The malaria season is under way and we are seeing more kids arriving really ill
with anaemia & a high concentration of parasites in their blood. I am told it will get worse! The mozzies are abundant and invasive. Despite our best efforts, all three of us have been bitten frequently. As far as I can gather, anyone who spends some time in Africa will succumb to malaria. It happened to Anne nearly three weeks ago. Fortunately the Lariam she was taking for prevention did its job and it was a mild attack, but even so she was out of action for a couple of days. The Quinine she was on for a week caused hearing problems so Shona & I could see anything we like with impunity! She has recovered fully from the malaria and her hearing came back very quickly after she stopped the Quinine so Shona & I have to be careful again!
The locals are beginning to talk of the possibility of a famine this year as the rainfall has not been adequate. We've become much more aware of the importance of the weather and find ourselves looking to the sky for clouds
and welcoming the sound of thunder followed by the very strong wind which precedes heavy rain. We made find ourselves living in an area which needs food aid although we, as "rich" Europeans, will still be able to buy what we need in Maroua. It emphasises how tenuous a hold on life the villager in the "bush" have.
On the medical front, we have had two kids with disastrous outcomes from treatment for broken arms by traditional healers. One had a fracture of the humerus (upper arm bone), but the splint applied by the healer had been too tight and when we got the child two weeks later, the arm was gangrenous. The second child arrived two days later with an open fracture of radius and ulna (forearm bones). Even after just a week, the arm was horrendously infected with the infection extending to above the elbow. Both required amputation.

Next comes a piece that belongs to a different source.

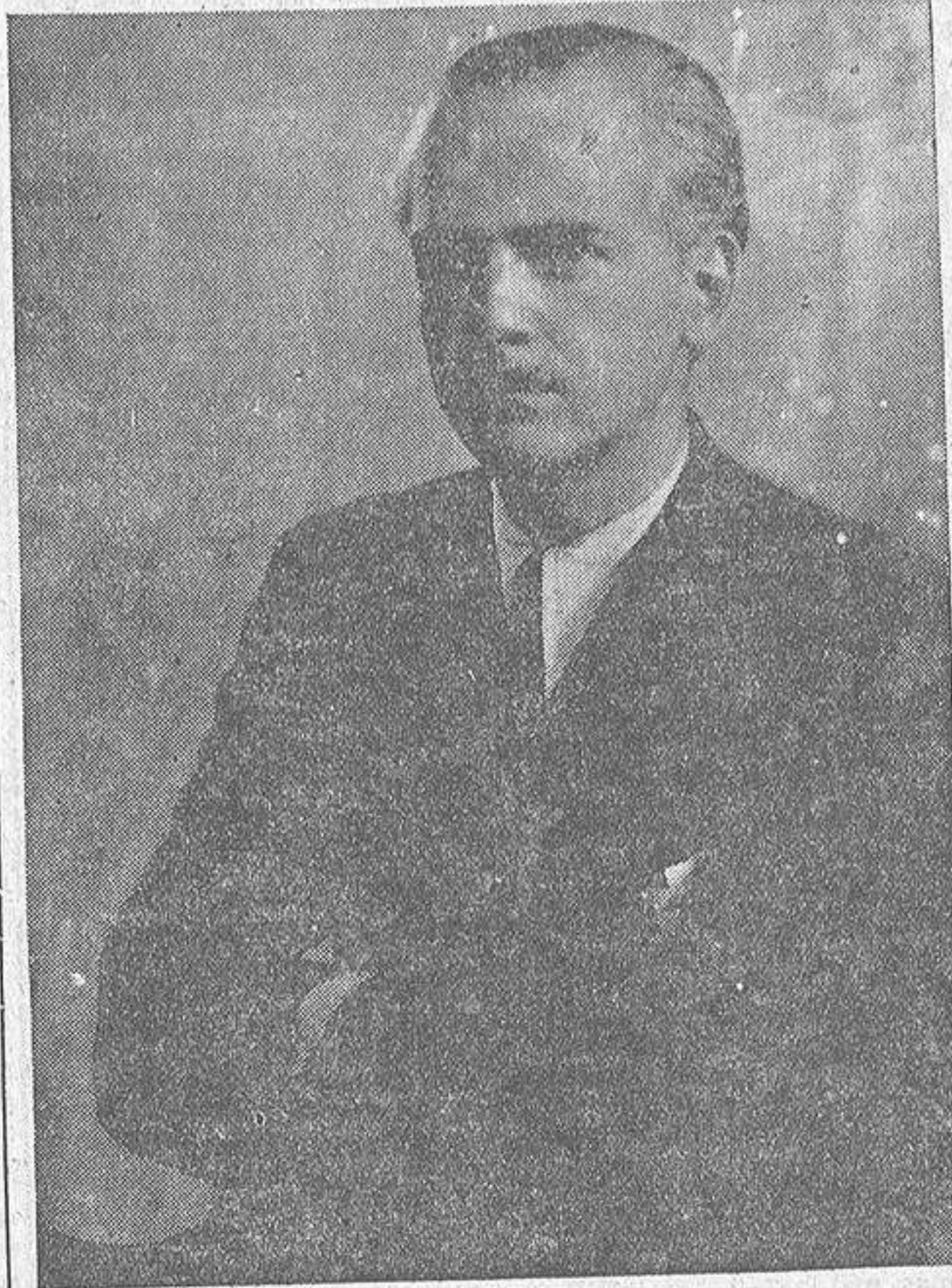
El Excmo Sr. Ministro del Interior, don Ramón Serrano Suñer, que, en nombre de S. E. el Jefe de Estado, hará hoy la tradicional ofrenda en la Basílica Compostelana

I have read in obstetric textbooks of the need to perform destructive operations to deliver dead babies but never thought I'd see it.
Last Sunday a patient arrived after 2 (or more) days in obstructed labour with the baby already dead. Our chief obstetric nurse, Zra, who is extremely competent and experienced was unable to deliver the baby so he posed the question, should it be a section or should we do a craniotomy (piercing the baby's skull to reduce its size)? If possible, we want to avoid sections because of the risks post operatively and for future pregnancies, so we agreed on craniotomy. Zra did the necessary and delivered a baby who was already showing signs of decomposition. It's the closest I've been to vomiting for a long time! On a cheerier note, I performed my first section with the nurse acting as my assistant (and keeping a watchful eye on what I was doing). I'm glad to say mother & daughter are both alive & well!
We have a third doctor in Zidim. She is Cameroonian but trained in Europe. My initial reaction is that Zidim is not the place for her, and I think she may have health
problems, but we'll wait & see. Dr Jemba, the retired Cameroonian, and I seem to be getting along fine and have a good working relationship.
I am really enjoying having Shona with us. Her contribution to the hospital is terrific and I've enjoyed accompanying her occasionally when she's working with patients. It has given me a new insight into the patients' lives and into the value of good physiotherapy. Her next challenge is to devise a training programme for the nurses.
We have just taken delivery of (another!) charger for the laptop, so I hope we can post some photos soon. This weekend we visited the "Gorge du Kola" a spectacular local beauty spot.